Walking into his cabin, Robert Brentwood drew the green curtains shut, tossed his cap onto its hook, and stood for a minute studying the map of the North Atlantic taped to the bulkhead above the safe. Three things worried him. First, the navigation computer was malfunctioning as a result of the last depth charge, so that unless he had a clear sky for a star fix, it was imperative the TACAMO aircraft make its rendezvous to give them their exact position. Even as the sub rose via slow and quiet release of ballast, feeling its way toward the surface to wait for the TACAMO, it was already drifting off position. Second, once Roosevelt began to move under power of the “switchblade” prop now sheathed in the forward ballast tank, the resistance caused by the towed array, normally of no consequence when the sub was at full speed, would decrease its five knots to three. He was bothered, too, by a seemingly unimportant incident — the fact that the hospital corpsman had interrupted him about Evans when he was giving his instructions about the MOSS to the electronics mate and sonar operator. It wasn’t the corpsman’s cutting into the conversation that bothered Robert Brentwood, but the anxiety behind it. That could spread faster than the flu that had killed Evans. Or had it? And could the orders he had given the mate and Sonar be carried out before the scheduled TACAMO rendezvous?
He depressed the intercom button for “Control” and told Zeldman to wake him two hours before the ETA of the TACAMO aircraft.
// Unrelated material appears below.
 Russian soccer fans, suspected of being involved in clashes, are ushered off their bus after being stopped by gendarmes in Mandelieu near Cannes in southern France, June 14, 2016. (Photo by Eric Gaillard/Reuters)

“Will do,” came Zeldman’s breezy reply. Before he lay down on the bunk, Brentwood took off his rubber sneakers, the reason for them — no noise shorts — bringing back Evans’s terrified face. He tried to think of something else, but it wasn’t easy. Civilians, he mused, always thought you got used to seeing death. Maybe you did on the battlefield. Maybe his youngest David, who had fought in Korea shortly after the beginning of the war, was used to it. And Ray — well, no one could hope to know what Ray thought anymore. The photos of David and Ray were on his desk in the antiroll gimbals mounting, as were those of his mom and dad and Lana. Lana was really the loner in the family, but he felt closer to her than any of them. Maybe it was because she was the second oldest of the four. What had happened to her since the spate she’d gotten into in Halifax? What had happened to all of them? It would be months before he would know — if he ever did — his ship crippled somewhere west of the mid-Atlantic ridge, and Soviet Hunter/Killers breaking out through the Greenland-Iceland-Norway Gap. If he was a betting man, he thought he would sit this one out. But fate had thrown the dice and he had no choice.
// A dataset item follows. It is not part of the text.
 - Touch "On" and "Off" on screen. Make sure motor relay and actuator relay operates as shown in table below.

He lay back and pulled out Rosemary’s picture from his shirt pocket. He had had it laminated with plastic in London. It was crazy, he knew, but if he went down forever — if he was to die in the Roosevelt—the thought of her photo eaten away by the salt, devoured by some shark or other blood-crazed denizen, bothered him. If anyone else saw it, they would just assume he’d laminated it for normal wear and tear. True, too. He kissed her, popped the photo in his pocket, and reached up for his Walkman earphones. They were cold and he held them in his hands to warm them. A dank, sour smell assailed his nostrils. He sat up, peeled off a sock, and sniffed—”Holy”—took the other one off, and, balling them, prepared to pop them in the laundry hamper at the foot of the bunk. The first one was a perfect basket. The next shot was to be the winning goal in sudden death overtime. Seattle and the Celtics, eighty-four apiece. It missed. An omen?
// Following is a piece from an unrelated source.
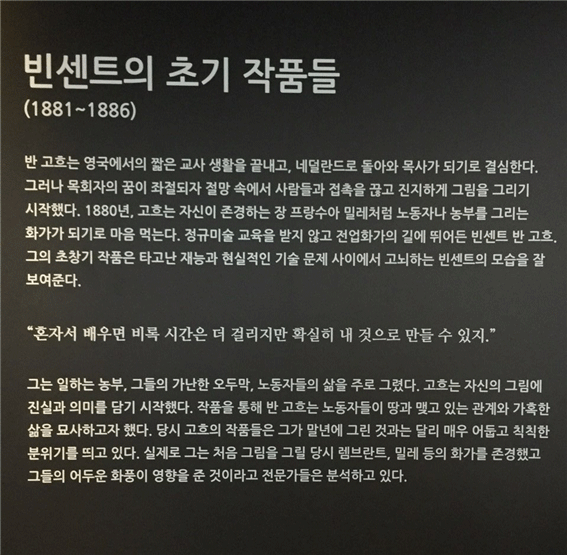 ‘아이가 더 좋아하는 반 고흐 미디어아트 전’ 오는 5월 6일까지 열리는 <반 고흐 미디어 아트전>을 관람하기 위해 아이와 함께 오산시립미술관을 방문했다. 전시는 밀레에 대한 고흐의 존경심, 일본의 화려한 색채를 사랑한 고흐, 위대한 작품들이 탄생했던 인생 후반기 시절에 관한 내용으로, 그의 작품들을 대형 디지털캔버스를 통해 감상하도록 구성되어 있었다. 또 첨단 IT 기술을 접목해 관람객이 그의 작품 안으로 직접 들어가는 경험을 제공했다. - 반 고흐 알아보기 ![]() △ 37년의 짧은 고흐의 일생 ![]() △ 고흐 초기 작품의 이해 ![]() △ 고흐가 존경한 화가 밀레 ![]() △ 반 고흐의 독자적인 화법 탄생 ![]() △ 너무도 유명한 동생 테오와의 형제애 - 대형 디지털캔버스에서 보는 고흐의 작품 ![]() ![]() ![]() △ 캔버스가 아닌 대형 스크린에서 마주하는 고흐의 작품은 또 다른 특별한 감동을 준다. ![]() △ 터치하면 터지는 불빛 ![]() △ 작품 속 고흐와 만나는 VR 체험 ![]() △ 3차원 공간에 디지털 붓으로 그림을 그려보는 3D 아트 브러쉬 - 고흐 작품의 주인공이 되는 포토존 ![]() △ 감자 먹는 사람들 포토존- 앞쪽 의자에 앉으면 작품과 똑같은 모습으로 찍을 수 있다. ![]() △ 밤의 카페테라스 포토존- 작품 속 장소에 있는 것처럼. - 별이 빛나는 밤 작품 속으로 ![]() △ 내가 색칠한 그림이 화면에 나타난다. 고흐의 그림 안에 내 그림이~. ![]() △ 동작 인식 기술 체험 - 팔을 흔들며 마음껏 움직여 보세요. 눈으로만 하는 작품 감상뿐이었더라면 쉽게 지루해했을 아이가 오히려 미술관을 떠나는 것을 아쉬워했다. 기존의 관람 중심 전시와 달리, 작품 속으로 관람객을 참여시키며 고흐의 예술세계를 경험하게 하는 이번 예술체험전시는 누구에게나 좋은 경험이 될 것이다. 170여 점의 주옥같은 고흐 작품을 온몸으로 느껴보자. ![]() |

Don’t be damn silly, he told himself, and plugged in the earphones. Rewinding the tape, he heard the high screech-like a torpedo closing. He stopped it, pushed “play,” and lay back. There were a lot of “ifs” hanging about, but one certainty he’d been taught at Annapolis was that when you’re the commanding officer, “there is no possibility of assist.” You had to be alert, and that meant you had to get sleep. “Remember Montgomery,” one of his instructors had been fond of saying. “Delegate authority until you’re needed.” You simply had to wait. He closed his eyes and listened to the timbre of Johnny Cash and “Sunday Morning Coming Down.” Problem was, would they finish the MOSS in time for the TACAMO rendezvous? He was wide awake.